Are you thinking about writing a book? Do it, but make sure you have time! I spent a LOT of time in the local coffee shop (picture on the left). I always had printouts with me to work on corrections. The picture on the right I took at 6.30am in Taipei. Yes, it’s a full-time job! I learned a lot! I made amazing connections. And I had fun! One piece of advice: make sure you have a good publisher!
I haven’t seen the book in my local Barnes and Nobles yet. Well, I checked two weeks ago. But a friend (@jjx) sent me this picture. So, apparently some book stores have it in stock:
FIT-IT Gesucht: Sicheres und Sichtbares
Next Tuesday I will be speaking in Graz, Austria at the FIT-IT event. The topic of the event is Trust in IT Systems & Visual Computing. I am giving a keynote in the afternoon about the topic of Security Research 2.0. I will be hitting on one of my favorite topics, the dichotomy between security and visualization. We need to all work hard on combining the worlds of visualization and the security. We have all seen what happens if security people are writing visualization tools. And we have seen what happens when visualization people try to understand networking and security. I can show you some pretty bad papers that get either side completely wrong. Maybe I am just too picky, but if you read some of the papers that I reviewed for RAID and VizSec, you would probably agree with me.
While talking about RAID and VizSec, the conferences are taking place in a week at MIT in Boston. I will be giving a short presentation on DAVIX with Jan Monsch and will also be part of a panel discussion. Looking forward to make my points about visualization there. I am going to stay for RAID and hope to catch up with my former collegues from IBM research. Drop me a note if you are attending as well.
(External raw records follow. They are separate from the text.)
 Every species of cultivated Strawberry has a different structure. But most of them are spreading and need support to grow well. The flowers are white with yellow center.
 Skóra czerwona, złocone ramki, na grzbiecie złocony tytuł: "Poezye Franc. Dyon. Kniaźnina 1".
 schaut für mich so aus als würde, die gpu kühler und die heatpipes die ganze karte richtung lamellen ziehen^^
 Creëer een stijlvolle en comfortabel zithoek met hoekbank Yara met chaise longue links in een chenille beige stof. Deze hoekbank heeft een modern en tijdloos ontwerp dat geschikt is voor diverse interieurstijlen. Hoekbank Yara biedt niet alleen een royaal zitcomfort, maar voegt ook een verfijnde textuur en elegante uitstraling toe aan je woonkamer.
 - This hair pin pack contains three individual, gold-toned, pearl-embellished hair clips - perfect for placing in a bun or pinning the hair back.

Applied Security Visualization Press
I recorded a couple of podcasts and did some interviews lately about the book. If you are interested in listening in on some of the press coverage:
- Security Wire Weekly: Security Visualization, Interview with Robert Westervelt from TechTarget.
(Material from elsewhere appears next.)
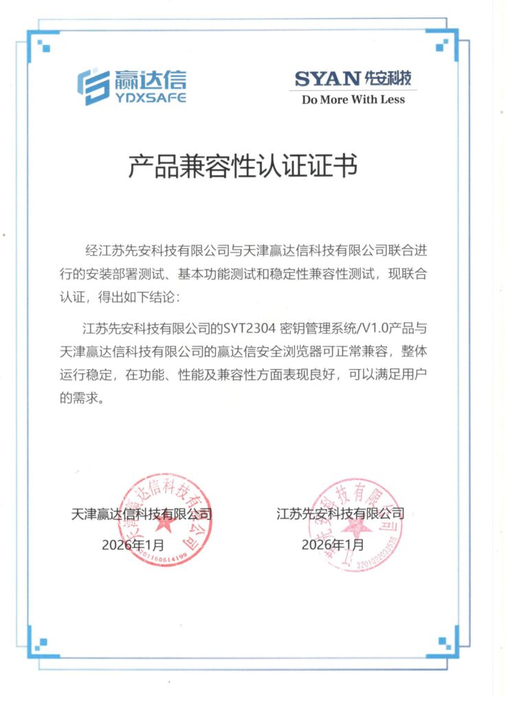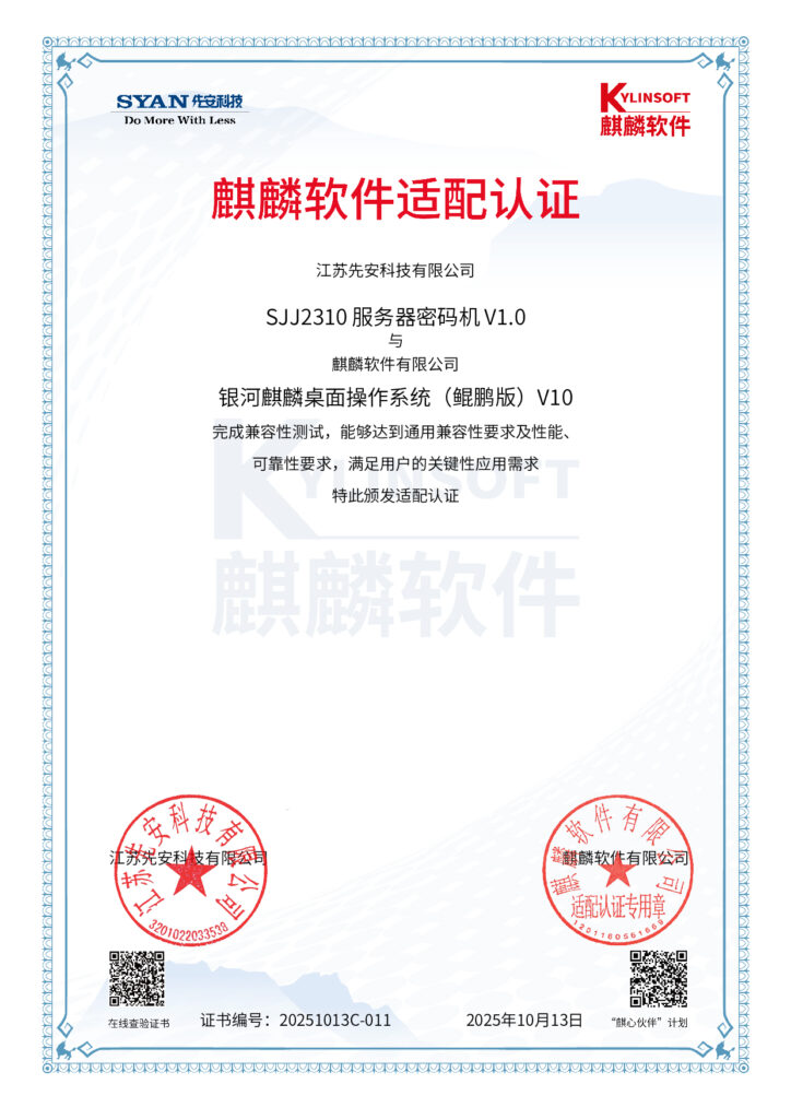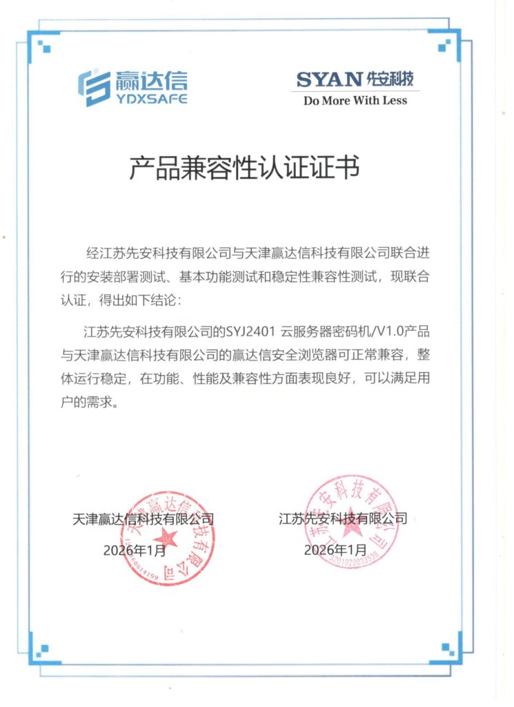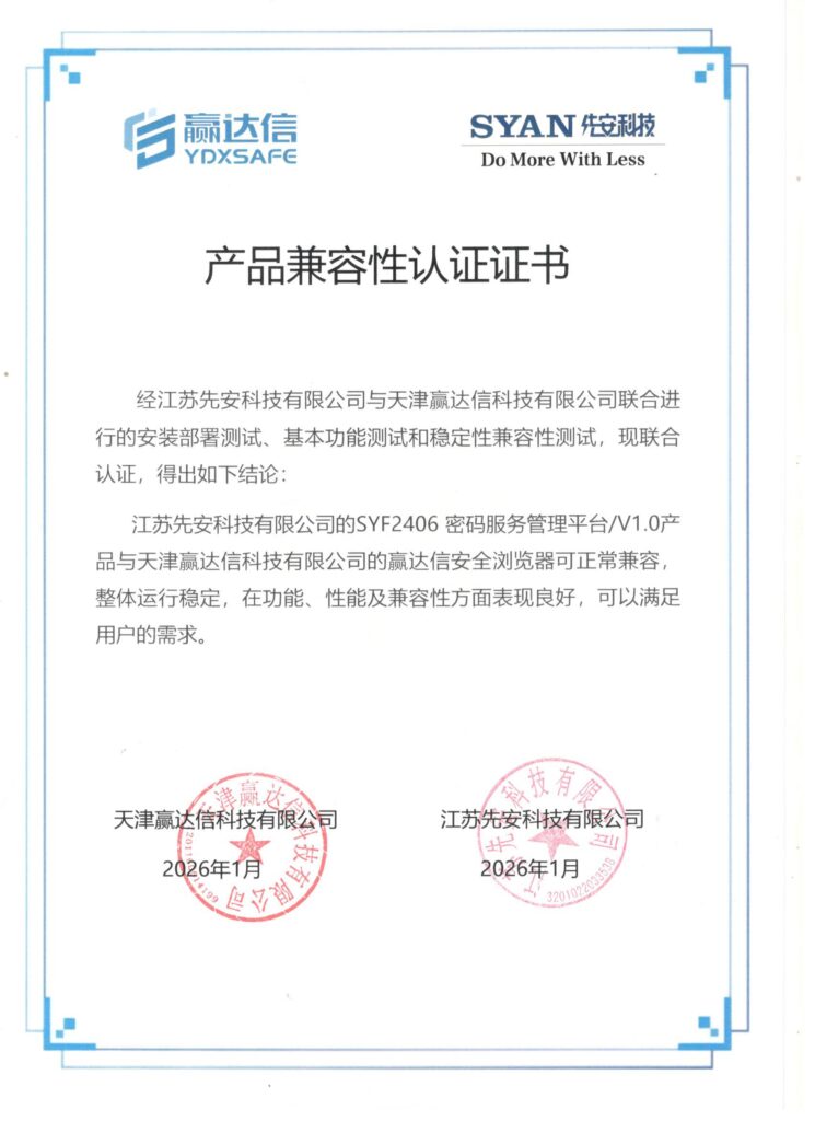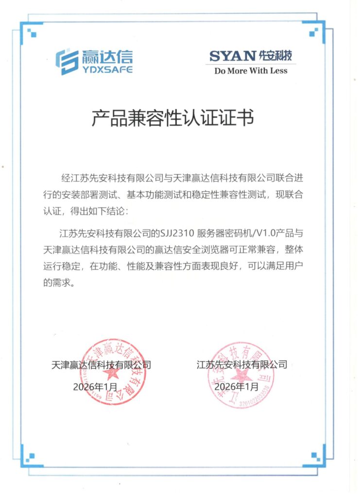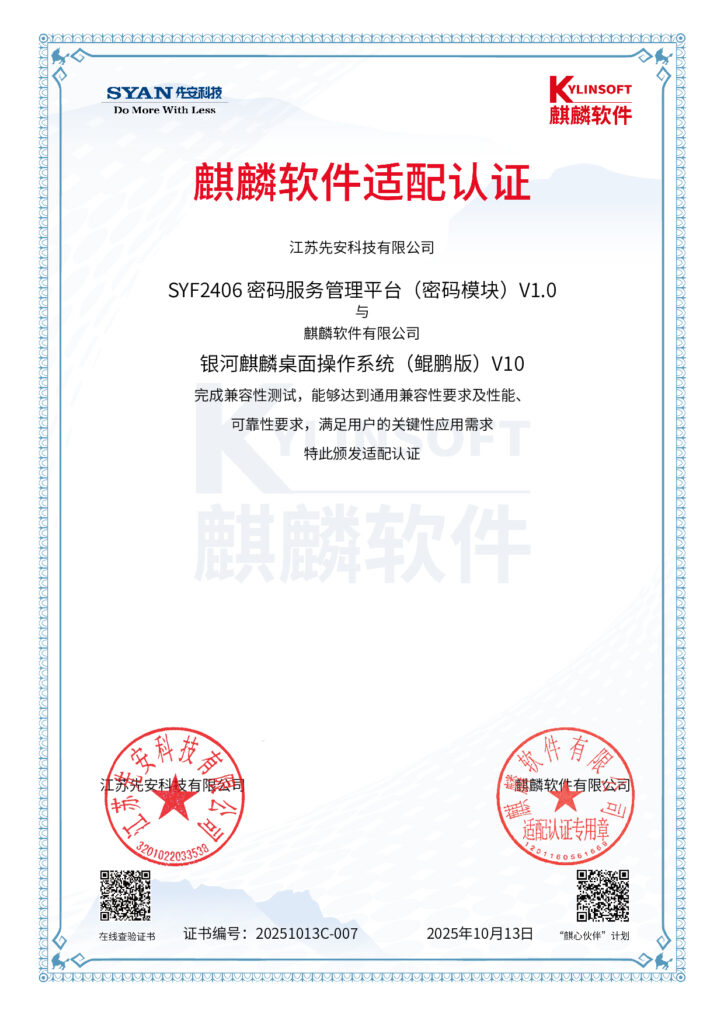 先安科技产品全部为自己独立开发,拥有完全自主的知识产权和相关专利,产品能力横跨几乎所有通用硬件平台,与所有国产CPU均已完成适配并取得适配证书。自创立以来,公司已获得17项已授权发明专利、62项软件著作权、累计获得26项商用密码产品认证证书。

- Networking data visualization not just for pointy-headed bosses, Interview with Michael Morisy
More information about the Applied Security Visualization book is on the official book page. I am working on figuring out where to put an Errata. There were some minor issues and typos that people reported. If you find anything wrong or you have any generic comments, please let me know!
First Amazon for Applied Security Visualization Book
I just saw the first Amazon review for my book. I just don’t understand why the person only gave it four stars, instead of five 😉 Just kidding. Thanks for the review! Keep them coming!